Type 2 diabetes mellitus in a young girl: ominous presentation and atypical course.

Objective: To report a 7-year-old young girl who was found unresponsive and found to be in severe diabetic ketoacidosis (DKA). Presence of obesity, acanthosis nigricans, and strong family history of type 2 diabetes mellitus (T2DM) along with negative pancreatic autoimmune antibody evaluation suggested T2DM as the culprit.

Methods: We present clinical findings, laboratory test results, and imaging reports as well as follow-up on this unique presentation of T2DM.

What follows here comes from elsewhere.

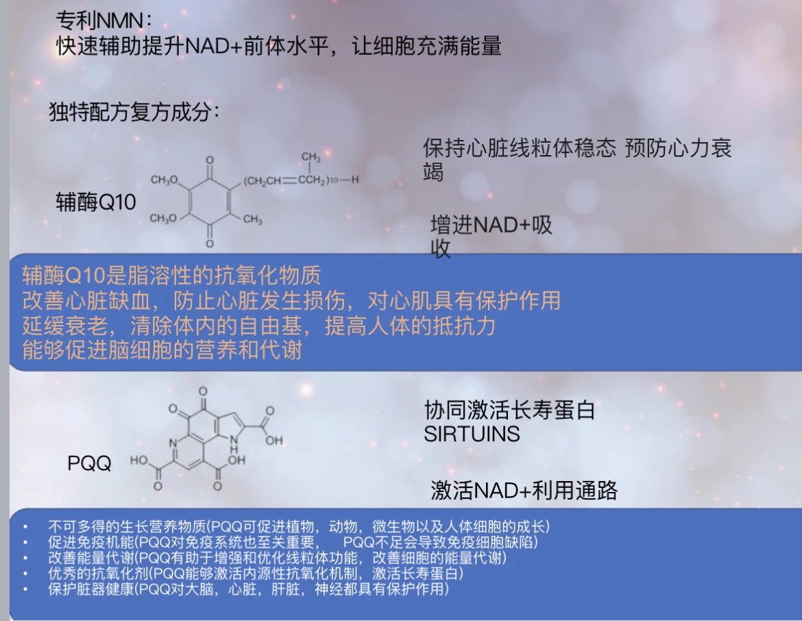 nmn+Q10+PQQ抗衰老的同时Q10能够保护心脏、PQQ能够全身抗炎、抗氧化(PQQ抗氧化能力是维C的5000倍)、增强细胞线粒体功能、促进脑力、保护肝脏(PQQ效果比水飞蓟素效果更好)。

Results: A 7-year-old girl was found unresponsive at home. Initial evaluation demonstrated severe DKA and diminished neurologic status. CT-scan of the head did not demonstrate cerebral edema. Her neurologic status deteriorated dramatically on four separate occasions requiring reintubation twice. She was transitioned to intensive insulin management, requiring up to 2 units/kg/day insulin. Her insulin sensitivity improved dramatically prior to discharge. Now 18 months from diagnosis, she remains on basal insulin and metformin.

Conclusions: New-onset T2DM is an increasing event in youth. Reports suggest that these youth may acutely deteriorate as opposed to the typical longer duration of onset in youth with new-onset type 1 diabetes mellitus. Attention to effective screening of those at risk and increasing public awareness of T2DM in youth is important and may reduce the risk of such dreadful presentations as described in the current report. The balance between insulin deficiency and insulin resistance is variable at different phases of the condition. This highlights the need for study of the natural history of T2DM in youth.